If wireless, encryption used, (none, WEP, WPA, or WPA2)
Version and patch level of Windows on all affected machines, i.e. XP (Home or Pro), SP1-SP2-SP3, Vista (Home, Business, Ultimate), etc.
The Internet Browser in use, IE, Firefox, Opera, etc.

Please give an exact description of your problem symptoms, *including the exact text of any error messages.*


If you're using a wireless connection, have you tried a direct connection with a cable to see if that changes the symptoms? 
For wireless issues, have you disabled all encryption on the router to see if you can connect that way? 
Have you connected directly to the broadband modem to see if this is a router or modem/ISP issue?
If there are other computers on the same network, are they experiencing the same issue, or do they function normally?

On any affected computer, I'd also like to see this:

Hold the *Windows* key and press *R*, then type *CMD* (*COMMAND* for W98/WME) to open a command prompt:

Type the following commands on separate lines, following each one with the *Enter* key:

PING 206.190.60.37

PING yahoo.com

NBTSTAT -n

IPCONFIG /ALL

Right click in the command window and choose *Select All*, then hit *Enter*.
Paste the results in a message here.

If you are on a machine with no network connection, use a floppy, USB disk, or a CD-RW disk to transfer a text file with the information to allow pasting it here.


----------



## bknownst (May 10, 2009)

ISP = Metrocast Cablevision
Modem = Motorola S85101 SurfBoard
Router = Netgear Wirless Router MRB 14v2
Windows = XP Home
Internet Browser = IE

A few months ago I cleaned some junk files off my computer and have been unable to connect to the internet since then. 2 more computers are hooked to the internet through the router and modem on that computer and connect to the internet just fine.

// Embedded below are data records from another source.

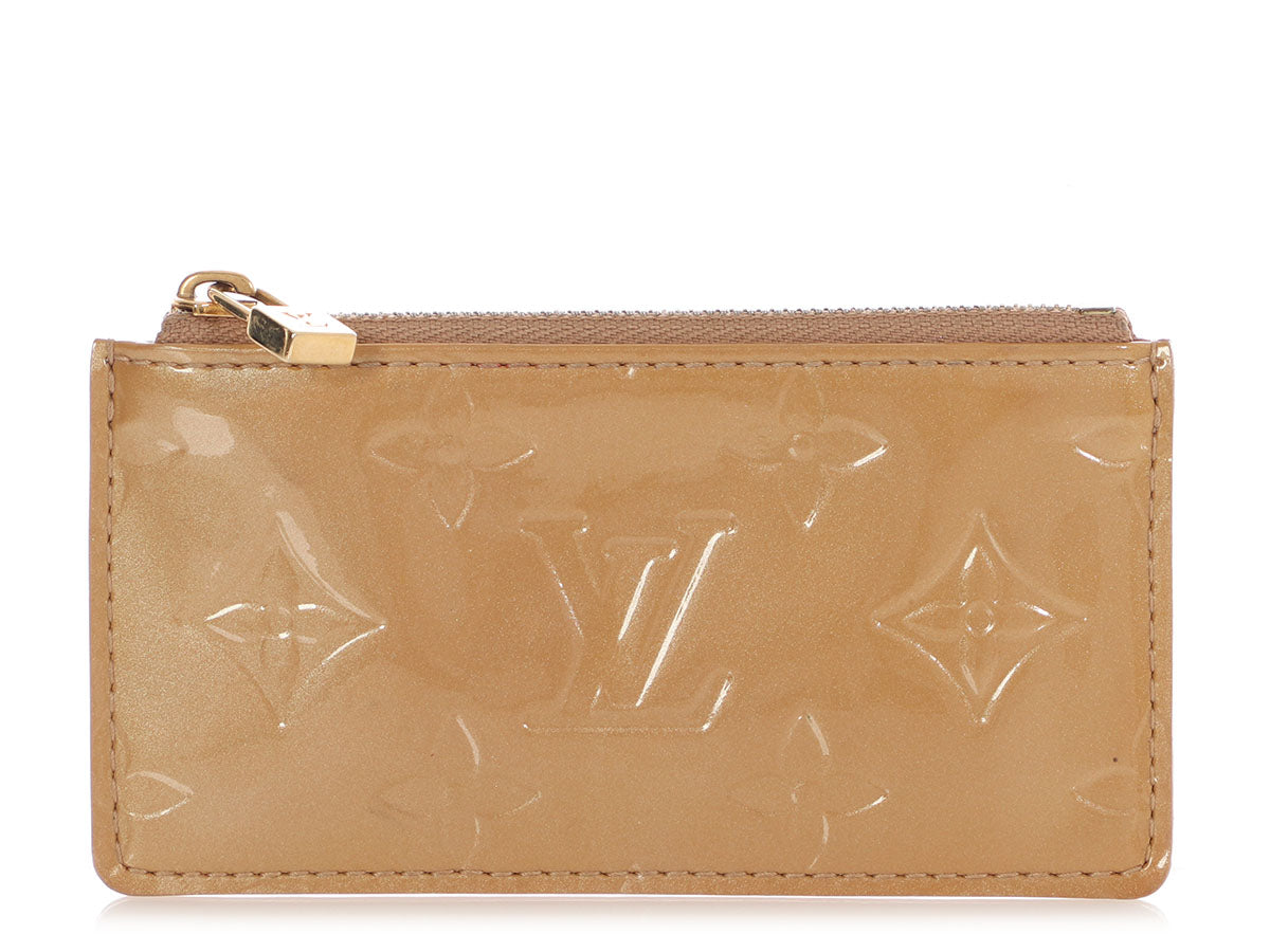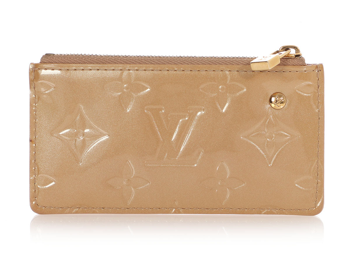 Louis Vuitton’s Beige Perle Vernis Key Pouch is a petite powerhouse for keys, coins, or anything that needs taming in your tote! Made from monogram-embossed pearly beige patent leather with gold-tone logo hardware, it features a top zip closure and a clasp on a chain leash that can be tucked inside or clipped to your bag. In very good condition with a dustbag, it has light marks on the Vernis, scratches on the hardware, and a perfume smell. The interior is lined in beige leather and has no pockets. This is a stylish little helper you’ll reach for daily!
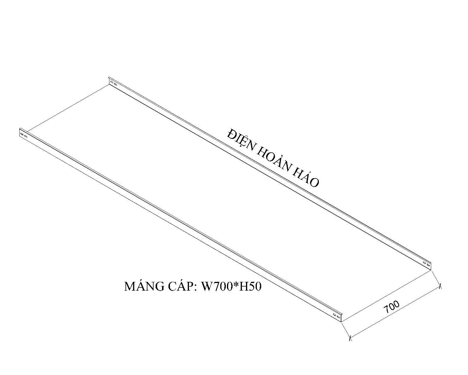 Máng cáp W700*H50 cấu tạo bởi theo hình chữ C, chiều rộng W=700mm và chiều cao H=50mm, sản xuất trên thép tấm được cắt theo kích thước phù hợp, sử dụng máy chấn chuyện dụng chấn vuông góc, sản xuất theo yêu cầu của chủ đầu tư, tư vấn thiết kế hoặc đơn vị thi công, mặt bên hông được dập lỗ điểm đầu và điểm cuối máng mục đích gắng bát nối và liên kết các cây máng lại với nhau, canh trên máng cạnh chấn thường chấn cạnh 10 đến 12mm dùng tăng cứng cây máng đồng thời gắng nắp máng giữ cố định.
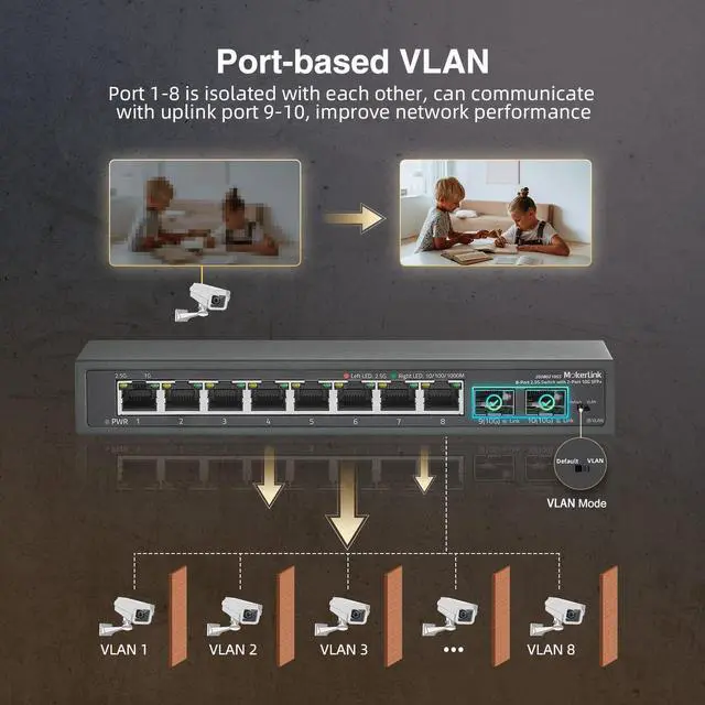 Metal Fanless: With durable metal casing, fanless design lowers energy consumption, quiet no noise and stable operation; Support one key VLAN Isolation, Ports 1-8 are isolated from each other and only communicate with uplink ports 9-10, reducing network storms and improving security
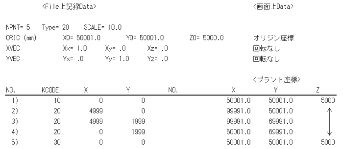 上記の左側Dataの様にFileに記録されるため、Data修正時に再現されるプラント座標系上のDataは右側の様になります。

When I try to connect to the internet I get the following message:
"HTTP: error 12007 connecting to www.microsoft.com could not be resolved"

"error: could not make an http: connection"


----------



## JohnWill (Oct 19, 2002)

Let's start by doing a stack repair.

*TCP/IP stack repair options for use with Windows XP with SP2/SP3.*

*S*tart, *R*un, *CMD* to open a command prompt:

In the command prompt window that opens, type type the following commands:

_Note: Type only the text in bold for the following commands._

Reset TCP/IP stack to installation defaults, type: *netsh int ip reset reset.log*

Reset WINSOCK entries to installation defaults, type: *netsh winsock reset catalog*

Reboot the machine.

Next, I'd like you to check the services.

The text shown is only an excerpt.